Googleは、WindowsでのChromeのビデオ再生のアップグレードをテストしています。HardwareSecureDecryptionAv1と呼ばれる新機能は、保護されたコンテンツのAV1ビデオストリーミングを改善し、対応デバイスでのよりスムーズな4K再生を実現します。

AV1は、VP9やH.264のような古いフォーマットと比べて、より低いファイルサイズで高品質なビデオを提供するために設計された現代的なビデオコーデックです。しかし、すべてのハードウェアとソフトウェアがまだAV1を完全にサポートしているわけではありません。Googleは、適切なハードウェアを持つWindowsデバイスでAV1のデコーディングが安全に機能することを保証しています。

さらに、GoogleはPlayReady(MicrosoftのDRMシステム)がビデオフォーマットを処理する方法を調整しています。PlayReadyが最初にH.264とHEVCのみをサポートするため、Googleは不要な処理を避けるために、VP9やAV1などのサポートされていないコーデックをPlayReadyのクエリから削除することを検討しています。

「media: Windows OS CDM AV1サポートのためのフィーチャーフラグを追加。ハードウェアセキュアOS CDM上でAV1コーデックを有効/無効にする新しいフィーチャーフラグHardwareSecureDecryptionAv1を追加します。」とGoogleはコミットメッセージで述べています。

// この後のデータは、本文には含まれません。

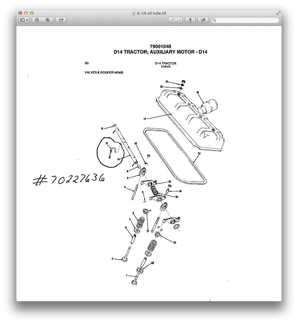 I am in need of this oil tube for my D-14. Part number 70227636. I may call Sandy Lake, but I thought I would check here first. Thanks. rrhead(SD)
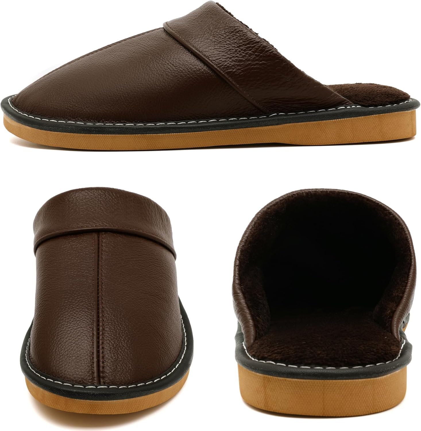 - 【Non-slip Sole】The thermoplastic rubber outsole of these leather slippers is robust and non-slip. And the additional padding on the heel makes these leather slippers soft.
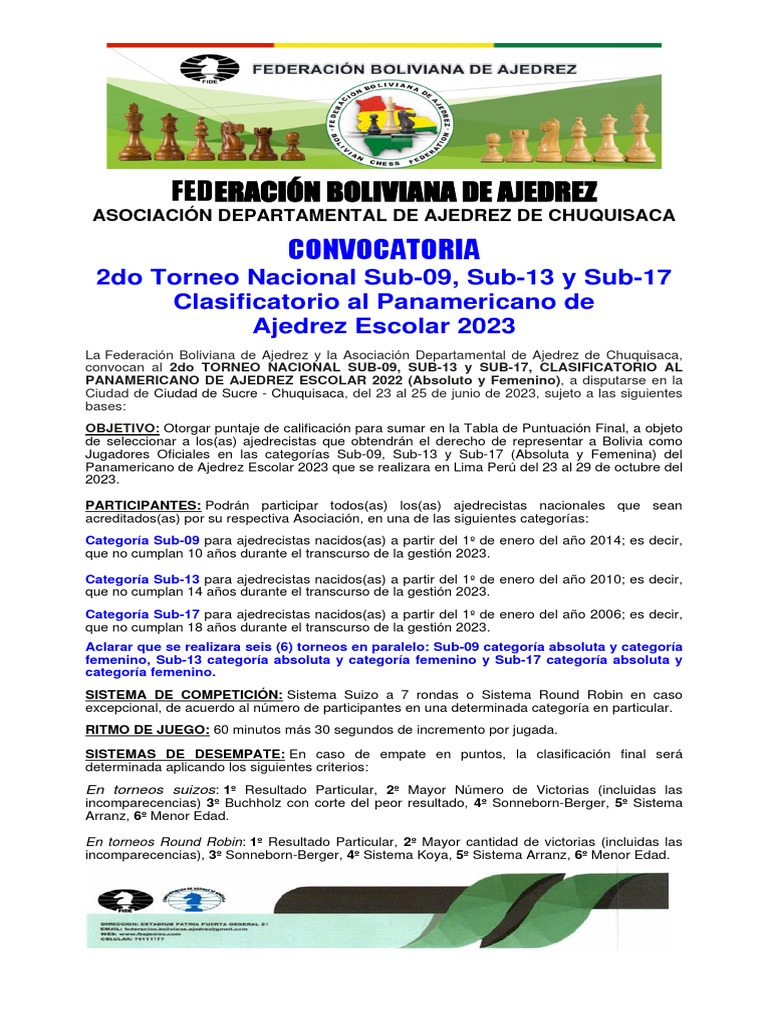 AUTORIDADES DEL TORNEO: Serán designadas por la Federación Boliviana de Ajedrez y la
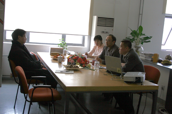 服装学院院长徐思民教授从该学院概况、学院规划、办学思想及实施、质量监控体系及服装学院今后规划等方面以幻灯片放映的形式向刘伟冬教授做了详细汇报。汇报中,服装学院院长徐思民教授结合图片等详细介绍了近几年来服装学院在对外交流及著作论文、学院活动以及自我建设等方面的情况,展示了服装学院的教学目标定位,教学改革、专业构成、学科建设,师资建设,教学工作思路,专业办学特色,教学建设改革的成效,院风、学风建设等成就。让刘伟冬教授详细了解了服装学院强调的以项目设计为单元,实习基地为依托,以加强综合性的理论学习与技能训练为目标的“实践型教学”的学院特色。当专家看到T台上姿态优美,自信十足的师生,规模庞大的服装设计实验室以及讲师一篇篇发表的著作时,刘伟冬教授连连点头,表示赞许。期间,刘伟冬教授颇有感慨的表示,通过昨天对我校的考察,对我校近年来所取得的巨大成绩感到高兴。
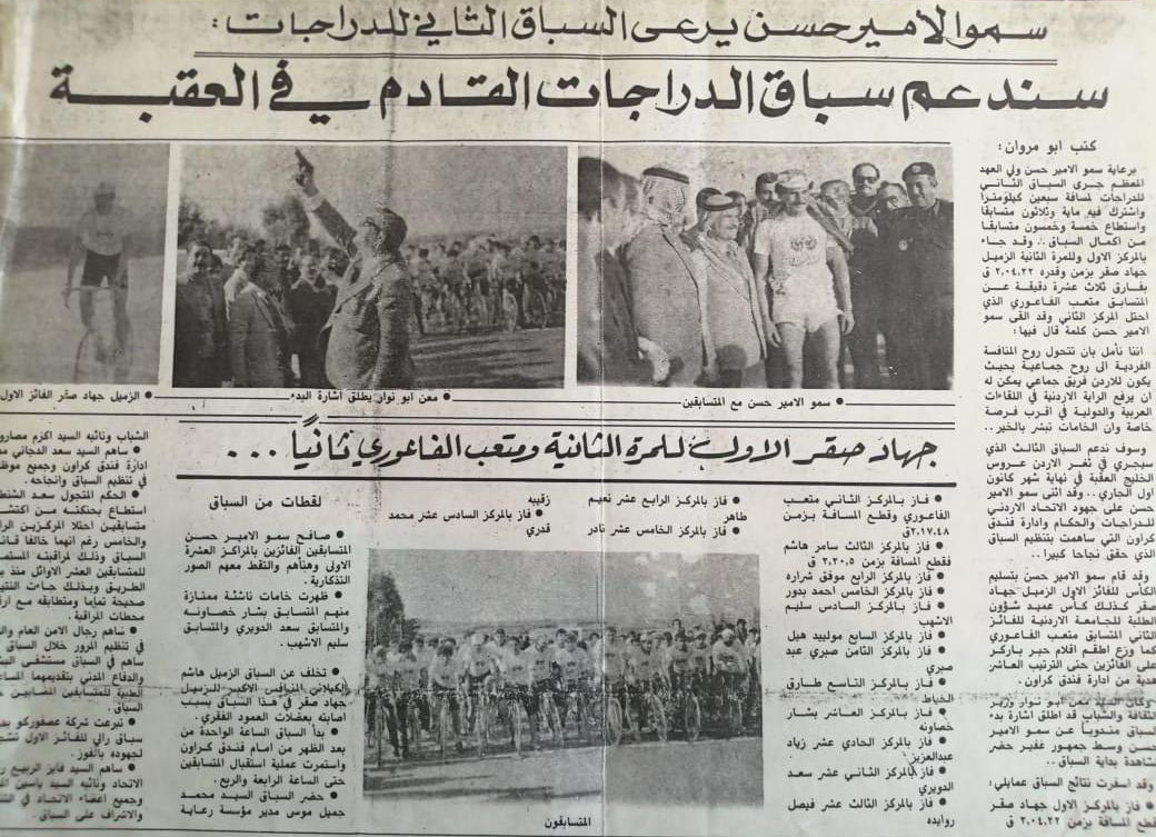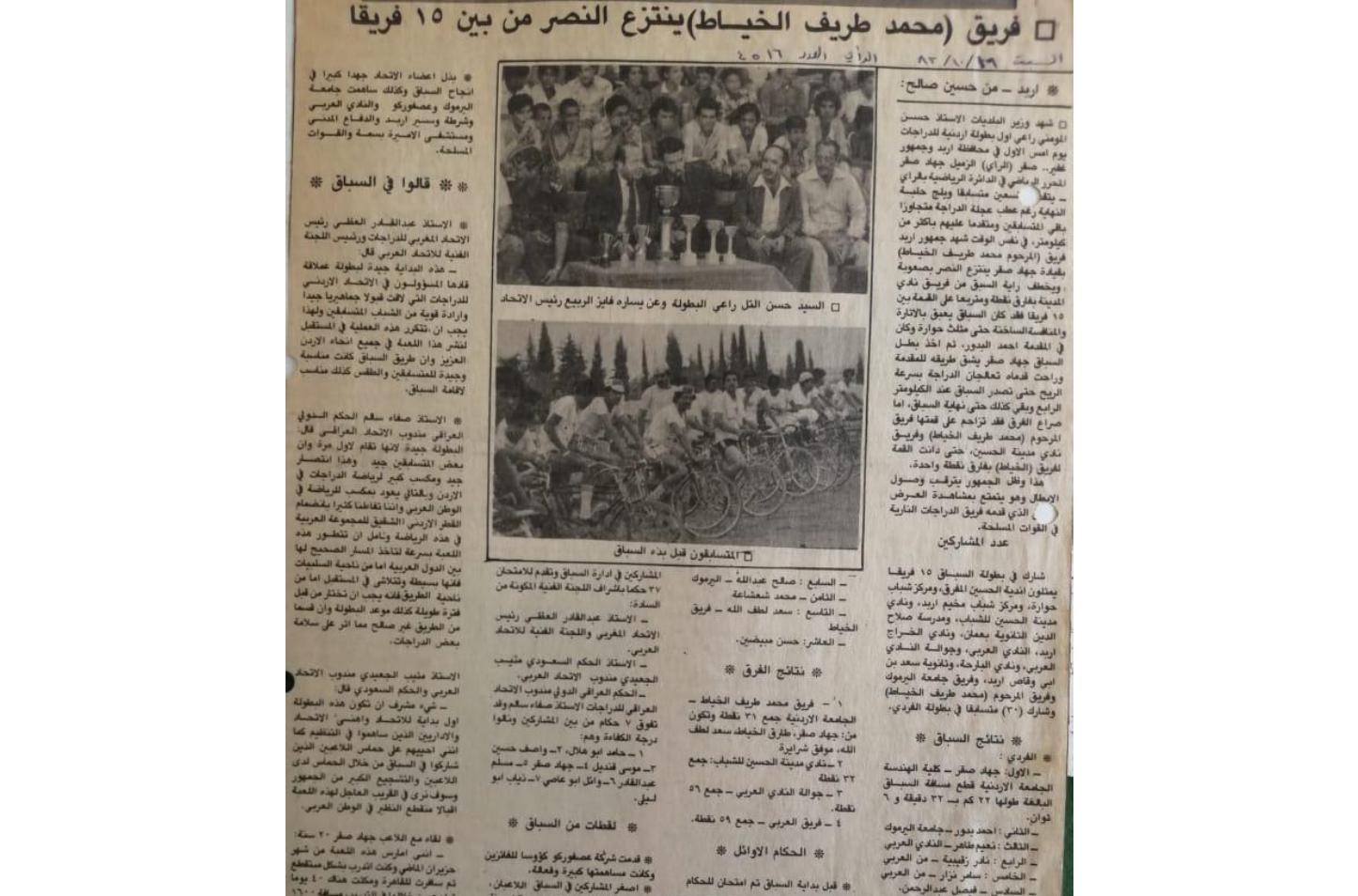 Additionally, 1983 saw the establishment of the Tareef Al-Khayyat Cycling Club, the first specialized cycling club in the Arab world and the Middle East. The club launched its first race under the patronage of His Royal Highness Prince Hassan bin Talal on the University of Jordan campus, initiating a series of local and international events organized by the Jordan Cycling Federation and its affiliated clubs, including Tareef Club, the Arab Club, Mafraq Club, and Ma'an Club.
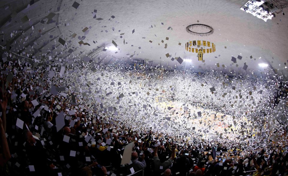 Λίγο πριν το τζάμπολ δε οι φίλαθλοι της ομάδας πέταξαν χιλιάδες χαρτάκια και η ατμόσφαιρα ήταν φανταστική.
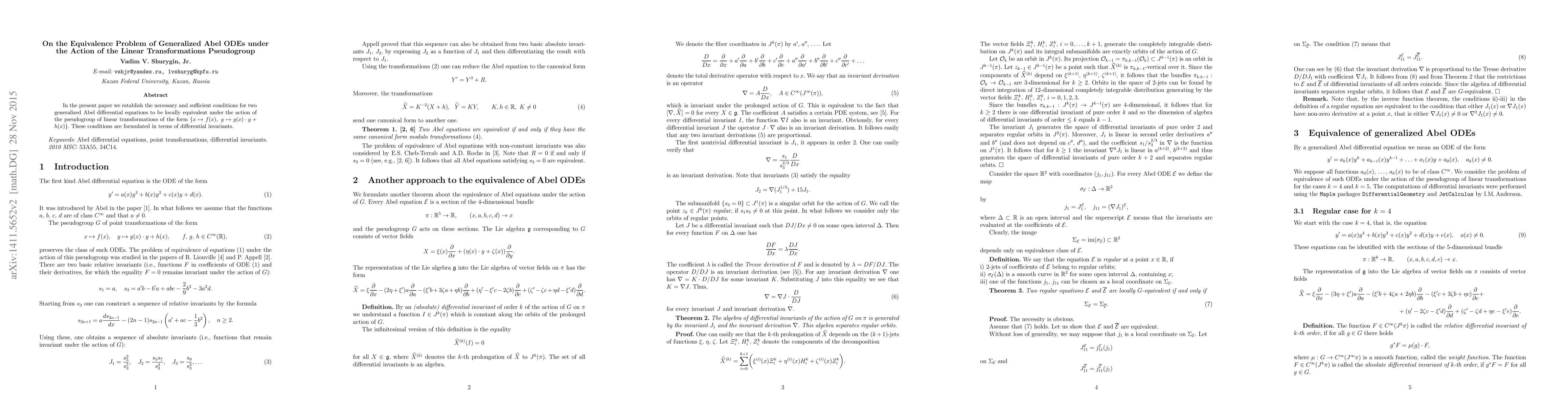 In the present paper we establish the necessary and sufficient conditions for two generalized Abel differential equations to be locally equivalent under the action of the pseudogroup of linear transformations of the form $\{x\mapsto f(x),~ y\mapsto g(x)\cdot y + h(x)\}$. These conditions are formulated in terms of differential invariants.
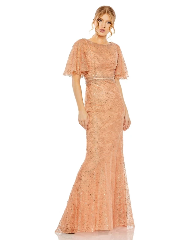 Women's Embellished Neck Butterfly Sleeve Trumpet Gown
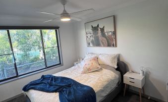 Second bedroom with queen bed and Hollywood mirror dressing table on middle floor. New carpet, ceiling fan, lights (including bedside x 2) and bedding.
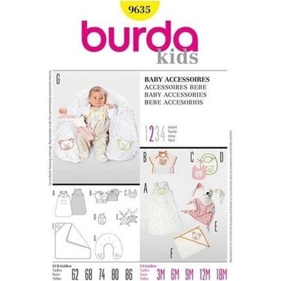 Střih Burda žlutý 9635 - spací pytel, deka, kojící polštář, bryndáčky, maňásek/usínáček, je soubor střihů pro ušití základní výbavy pro miminko. Střihy jsou natištěné na...
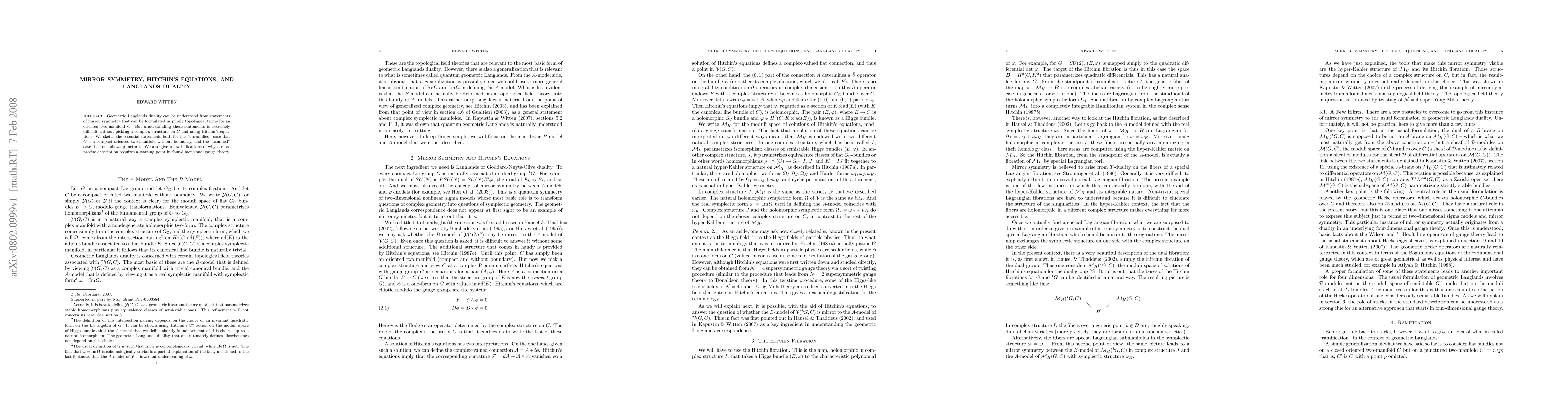 This paper explores the connection between geometric Langlands duality and mirror symmetry through Hitchin's equations, emphasizing the necessity of choosing a complex structure on the two-manifold $C$. It outlines the implications for both unramified and ramified cases, suggesting that a detailed understanding requires foundational insights from four-dimensional gauge theory.
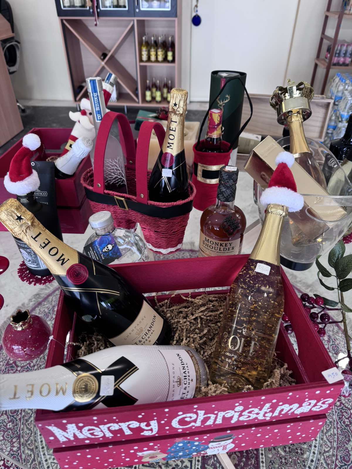 Μεγάλη ποικιλία σε κρασιά, ποτά και έτοιμα καλάθια δώρου — τέλεια για τις μέρες που έρχονται.
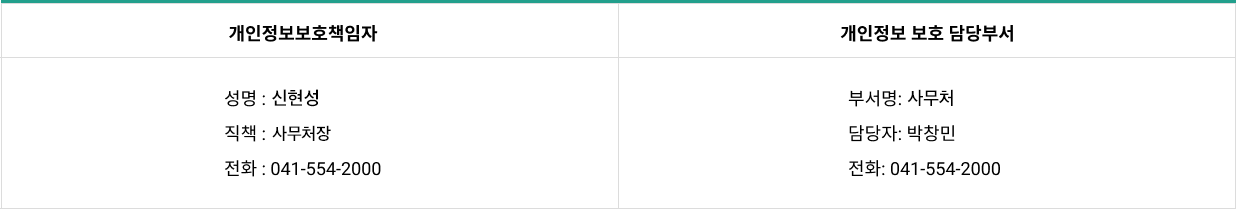 충청남도청소년진흥원은 고객의 개인정보를 보호하고 개인정보와 관련한 불만을 처리하기 위하여 아래와 같이 관련 부서 및 개인정보관리책임자를 지정하고 있습니다.

ChromeのAV1テストがついにWindowsの4Kストリーミング問題を解決するかも

HardwareSecureDecryptionAv1フラグの説明は以下の通りです

ハードウェアとOSコンテンツデクリプションモジュール(CDM)がサポートされている場合、ハードウェアセキュアAV1デコーディングを有効にします。

このChromeのアップデートにより、デバイスがハードウェアセキュアAV1デコーディングをサポートしている場合、よりスムーズで高品質なビデオ再生を体験できるかもしれません。ただし、デバイスがAV1をサポートしていない場合は、ビデオはH.264やHEVCなどのフォーマットを引き続き使用し、変化を感じることはないでしょう。時間が経つにつれて、ストリーミングサービスやブラウザはAV1を徐々に広く採用し、より多くのユーザーにとって全体的な視聴体験が向上する可能性があります。

このGoogleの動きは、NetflixとDisney+がWindowsにAV1をもたらす可能性をついに開くかもしれません。AV1はすでにNetflix(Android/テレビ)やYouTubeで使用されていますが、Windows PCにはDRMコンテンツ(例:PlayReady/Widevine)のためのハードウェアセキュアAV1デコーディングが欠けています。ほとんどのプレミアムストリーミングサービスは4K/HDR再生にDRMを必要とします。

新しいChromeフラグは、GoogleがWindows用のAV1およびDRM統合をテストしていることを示しています。これにより、Netflixのようなプラットフォームは、テレビやモバイルデバイスと同様に、PCでAV1でエンコードされた4Kコンテンツを安全にストリーミングできるようになります。

さらに、Googleは新しいタブページに作成ボックスを追加する作業を進めており、ユーザーにChromeのPDFビューワーをデフォルトとして設定するように促すプロンプトをテストしています。また、Chrome Web Storeを訪れた際に、現在インストールされていない場合は拡張機能のインストールを提案します。